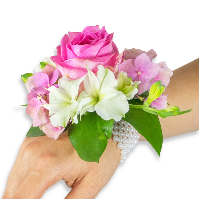 Celebrate in style with our Pretty in Pink corsage. This elegant bouquet features classic pink roses, full hydrangeas, and a hint of white alstroemeria, creating a timeless and beautiful floral arrangement for any occasion.
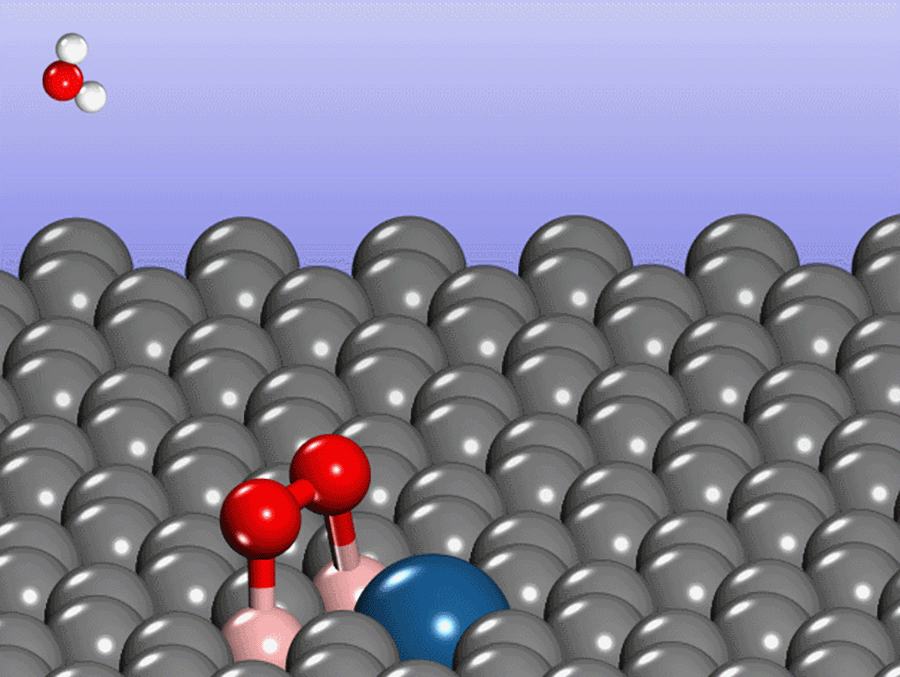 浙江工業大學王建國教授、鐘興教授團隊在國家自然科學基金杰出青年基金項目、國家自然基金委重大研發計劃集成項目、浙江省杰出青年等項目資助下,通過多尺度計算揭示臭氧與氧化鉛之間存在強相互作用,并且氧化鉛與臭氧分子形成了動態的“五元環”結構(圖1),形成相對穩定的“動態活性位”,即氧化鉛“晶格氧”和水分子中的“氧”發生交換。
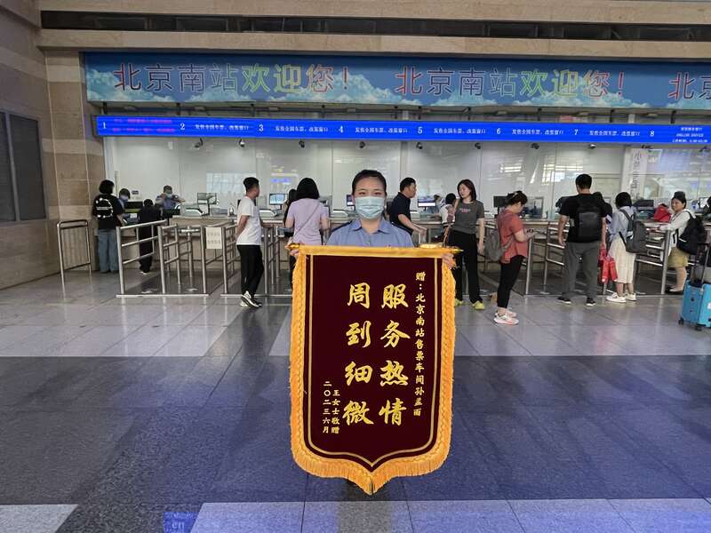 5月29日,旅客王女士来到北京南站爱心售票窗口,想要购买去济南西的车票。售票员孙孟雨在与她沟通时了解到,王女士要带着两个行动不便的老人一起出行,她耐心询问乘车日期及需求后,主动为王女士推荐有无障碍车厢的G23次列车,又询问乘务员列车在济南西停站开门方向,摸索出从检票到乘车的最佳路线。
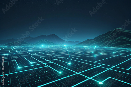 Digital Horizon: A futuristic panorama blends the organic with the technological, showcasing an abstract landscape where digital lines weave across a serene environment.
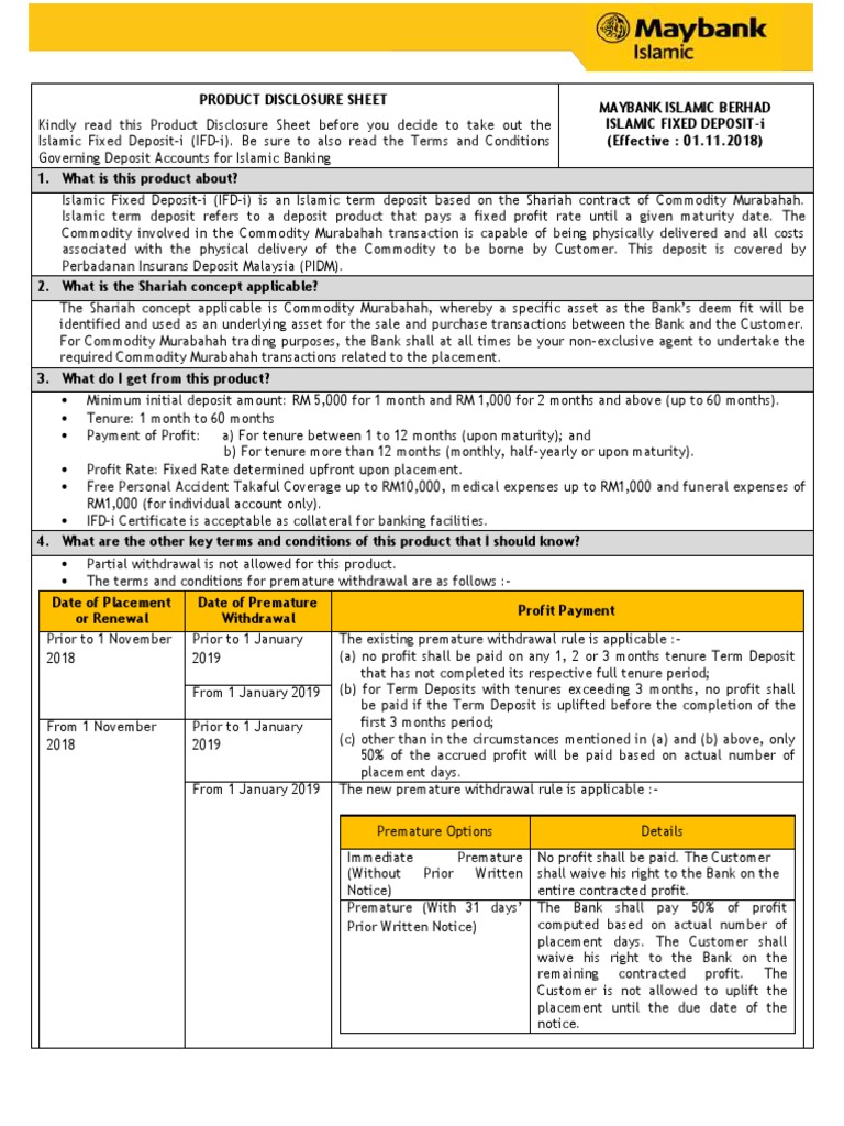 The underlying asset for the sale and purchase transaction between the bank and the customer is based on a specific shariah compliant commodity as the bank deems fit. What do i need to know about maybank islamic fixed deposit i.
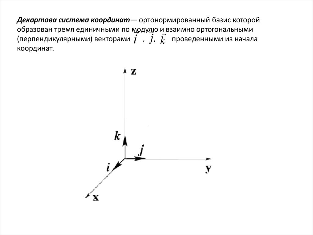 Декартова система координат— ортонормированный базис которойобразован тремя единичными по модулю
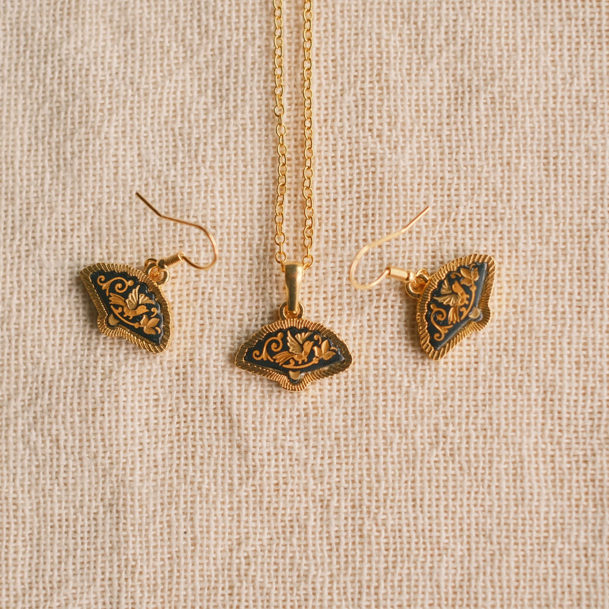 The labor-intensive technique is a surface decoration of engraving and metal plating. The jewelry is often made of steel or other base metal in which precious metals (usually 18 and 24k gold) are placed in groves on a small surface, then hammered in place. The black background is created by the oxidation of a very hot solution used to darken the background, creating magical scenes and stories.
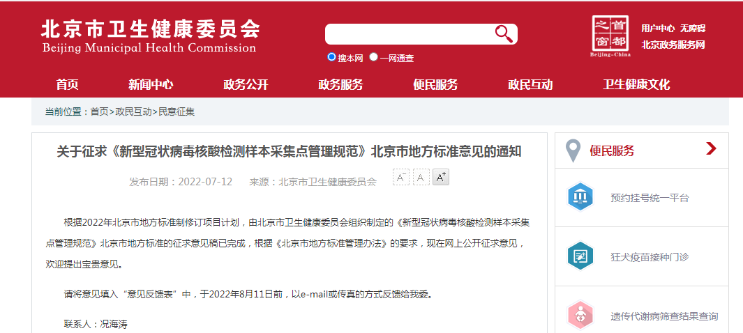 日前,據(jù)北京市市場(chǎng)監(jiān)督管理局網(wǎng)站消息,北京市衛(wèi)生健康委員會(huì)組織制定的《新型冠狀病毒核酸檢測(cè)樣本采集點(diǎn)管理規(guī)范》,說明了新型冠狀病毒核酸檢測(cè)樣本采集點(diǎn)的基本要求、采集點(diǎn)設(shè)置、設(shè)施設(shè)備及物品、人員要求、樣本采集、樣本保存及運(yùn)輸、醫(yī)療廢棄物處理、環(huán)境消殺等多方面做出要求,指導(dǎo)北京的核酸采樣管理。
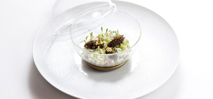位于中环金融街的香港四季酒店凭借七颗星星,成为香港拥有最多米其林星的美食圣殿,其中位于酒店六层的Caprice是香港老牌米其林三星餐厅,也是本地法餐的标杆和顶梁柱。主厨Guillaume Galliot在卢瓦尔河谷长大,从小就对烹饪和旅游萌生了浓厚的兴趣。从厨艺学校毕业后,他曾就职于一系列知名餐厅,包括Jardin des Sens。虽然Galliot擅长的是传统法式烹饪技艺,但他也在不断发掘世界各地的风味,并将其融入自己创制的菜肴中。不论食客瞩意经典或创新菜式,Caprice都能给出完美解法。
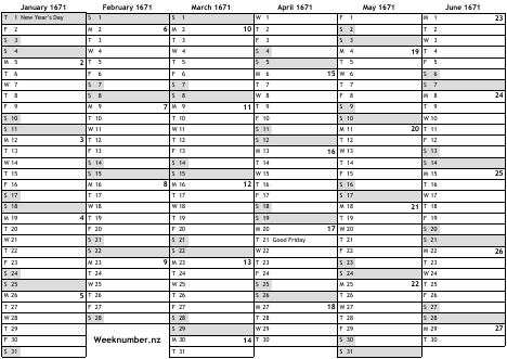 1671 calendar

● Task
Copy nothing but the lines from the top of the material through the line holding "Декартова система координат—", exactly as written; omit pictures.

● Written solution
 Celebrate in style with our Pretty in Pink corsage. This elegant bouquet features classic pink roses, full hydrangeas, and a hint of white alstroemeria, creating a timeless and beautiful floral arrangement for any occasion.
 浙江工業大學王建國教授、鐘興教授團隊在國家自然科學基金杰出青年基金項目、國家自然基金委重大研發計劃集成項目、浙江省杰出青年等項目資助下,通過多尺度計算揭示臭氧與氧化鉛之間存在強相互作用,并且氧化鉛與臭氧分子形成了動態的“五元環”結構(圖1),形成相對穩定的“動態活性位”,即氧化鉛“晶格氧”和水分子中的“氧”發生交換。
 5月29日,旅客王女士来到北京南站爱心售票窗口,想要购买去济南西的车票。售票员孙孟雨在与她沟通时了解到,王女士要带着两个行动不便的老人一起出行,她耐心询问乘车日期及需求后,主动为王女士推荐有无障碍车厢的G23次列车,又询问乘务员列车在济南西停站开门方向,摸索出从检票到乘车的最佳路线。
 Digital Horizon: A futuristic panorama blends the organic with the technological, showcasing an abstract landscape where digital lines weave across a serene environment.
 The underlying asset for the sale and purchase transaction between the bank and the customer is based on a specific shariah compliant commodity as the bank deems fit. What do i need to know about maybank islamic fixed deposit i.
 Декартова система координат— ортонормированный базис которойобразован тремя единичными по модулю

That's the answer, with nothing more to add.